- [What is expected]: Reproduce exactly the lines below, starting at the line that contains "AMII Minimalist women" and ending with the last line of the records, both included; leave out any pictures.
** Opening Entries shown block **
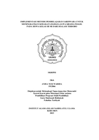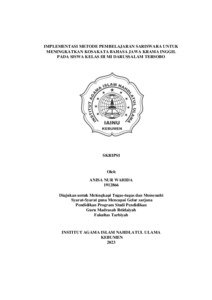 AnisaNurWahida.1912866. Implementasi Metode Pembelajaran Sariswara Untuk Meningkatkan Kosakata Bahasa Jawa Krama Inggil Pada Siswa Kelas III Mi Darussalam Tersobo
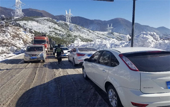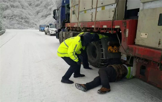 为切实保障广大游客的出行安全,汉源县公安局交警大队提早做足准备,也进行了充分的动员和宣传,关注天气信息,提前把恶劣天气预警信息、当前道路实时路况通过双微形式发布,提醒广大游客合理规划出行路线。并启动恶劣天气应急预案,全警出动,以路面车流变化为主要依据进行路面管控,全体警员坚持流量不减、警力不撤的原则,确保了国道108线泥巴山冬季道路安全畅通。由于周末、节假日车辆较多,许多司机由于没有开冰凌路的经验,不会悬挂防滑链条,为了经过的车辆能平安通行,警员总是帮大家把防滑链挂好,有时一天会帮助数十辆车挂防滑链,对于趴在雪地上安装防滑链条,警员们表示自己不觉得冷,对于弄脏的衣服,他们也不在意,说这是为人民服务,都是应该的。为保证所有路过泥巴山路段的车辆安全,警员们常常是24小时轮班值守,全方位的为司乘人员服务,确保每辆车都能安全通过。 |
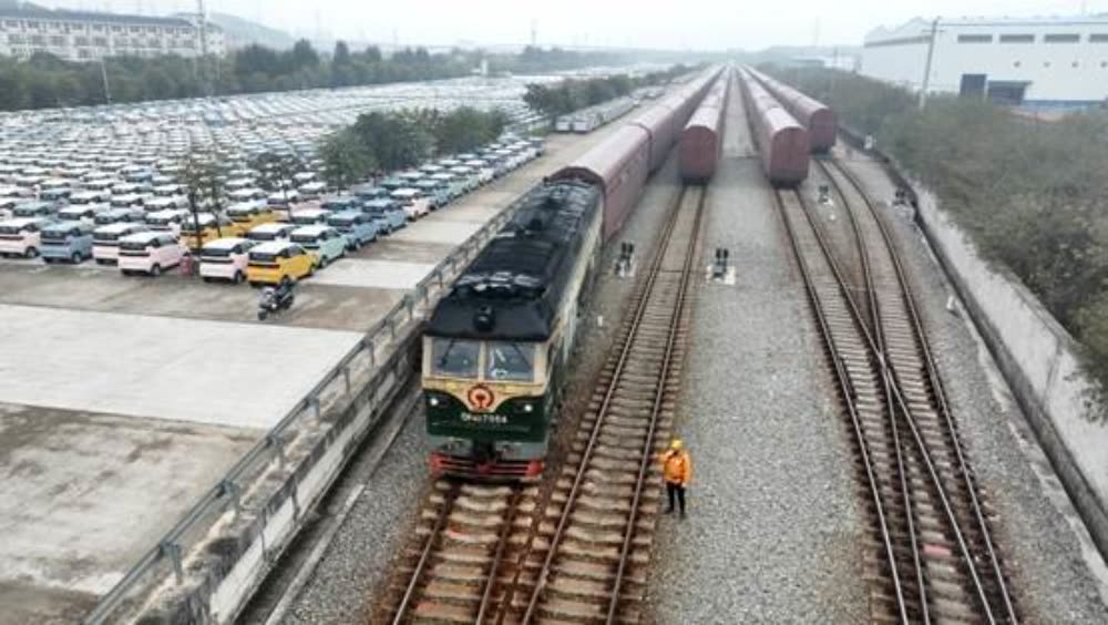在中国广西首个服务汽车工业的铁路综合物流基地——广西柳州雒容商品汽车物流基地,停放着众多新能源汽车,这些车将在这里被转运到火车车厢,通过铁路运输到广州下元站和南沙港站,再经货轮出口到中东、南美洲、非洲等地区。“铁海联运”稳定地保障了柳州市汽车企业的海外市场的货源供给。
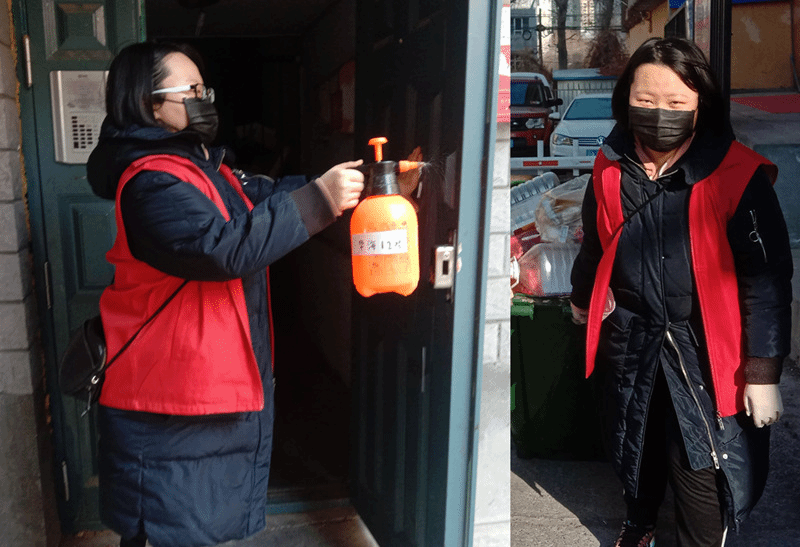 2019级外语系商务英语2班王思睿,参加家乡新疆维吾尔自治区乌鲁木齐市新民西街社区的防疫工作——每日进行公共区域消毒,宣传防疫知识,为社区居民提供便利服务。
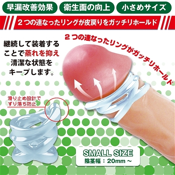 2つの連なったリングが皮戻りをがっちりホールド!継続して装着することで蒸れを抑え、清潔な状態をキープします。又、外的刺激に慣れることで早漏改善も期待できます。安全かつ高品質なTPE素材を使用しており、洗浄もしやすく衛生的にご利用いただけます。●早漏改善効果●衛生面の向上●小さめサイズ<ご使用方法>@包皮を剥き亀頭を露出させる。Aリングの開いている部分が裏筋を挟むように装着する。B包皮を伸ばしたまま残りのリングを巻きつける。2 CONNECT
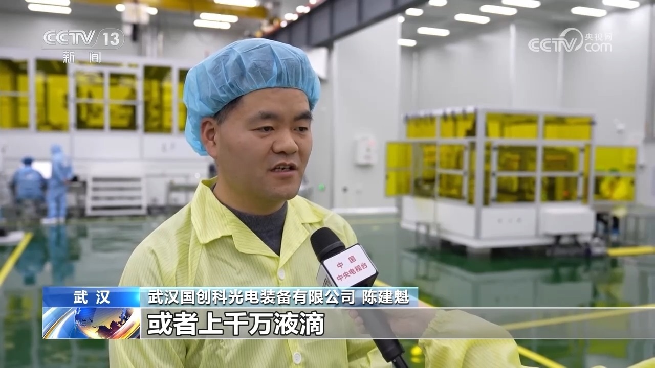 武漢國(guó)創(chuàng)科光電裝備有限公司陳建魁介紹,叫做噴墨打印的技術(shù),像我們一個(gè)手機(jī)屏,一個(gè)屏幕上就需要幾百萬(wàn)個(gè)像素點(diǎn),對(duì)應(yīng)的,如果打印的時(shí)候,可能會(huì)需要幾百萬(wàn)或者上千萬(wàn)液滴。
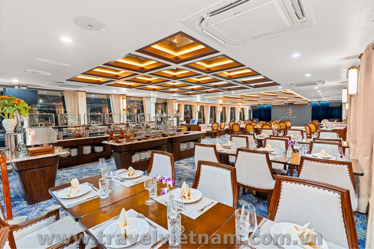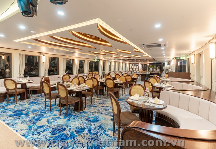 11h30 - 12h30: Ghé thăm hang Sửng Sốt. Quý khách di chuyển khỏi tàu ghé thăm hang Sửng Sốt - một trong những hang động lớn nhất tại vịnh Hạ Long với khung cảnh kỳ vĩ, huyền ảo. Trong lúc này, HDV sẽ giới thiệu cho Quý khách những thông tin về điểm đến tiếp theo cũng như hành trình khám phá Di sản.
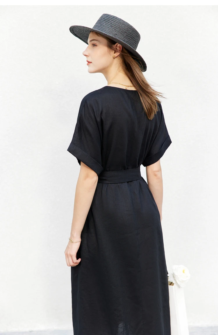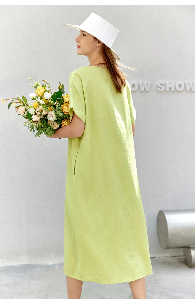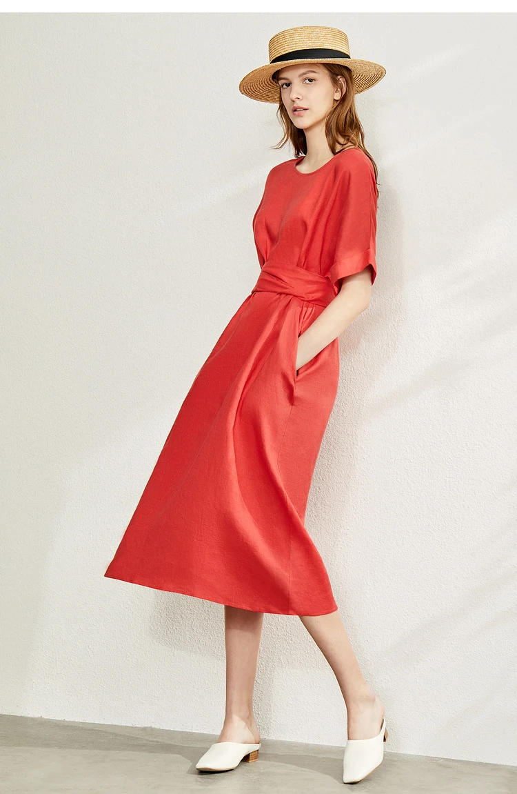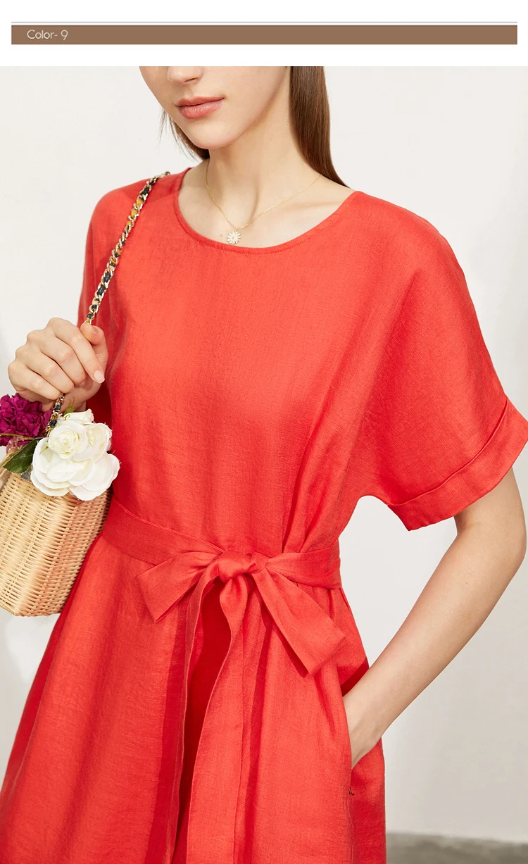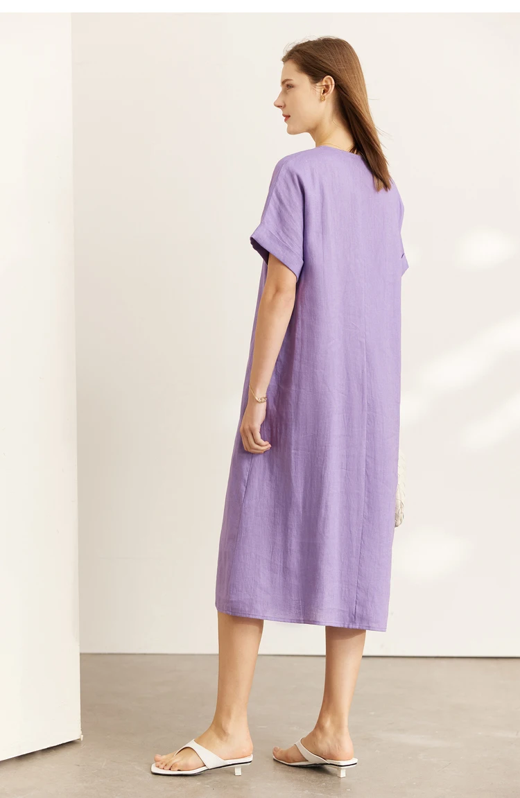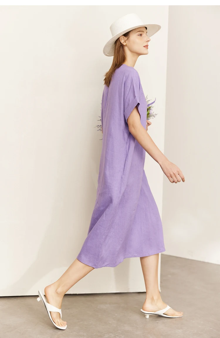 AMII Minimalist women 100% Linen O-Neck Summer Dress
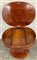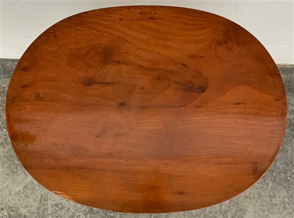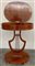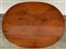 Tavolino lastronato in mogano. Piano apribile e base ovale. Sostegno a forma di
** Closing Entries shown block **
- [Exercise output]:
 AMII Minimalist women 100% Linen O-Neck Summer Dress
 Tavolino lastronato in mogano. Piano apribile e base ovale. Sostegno a forma di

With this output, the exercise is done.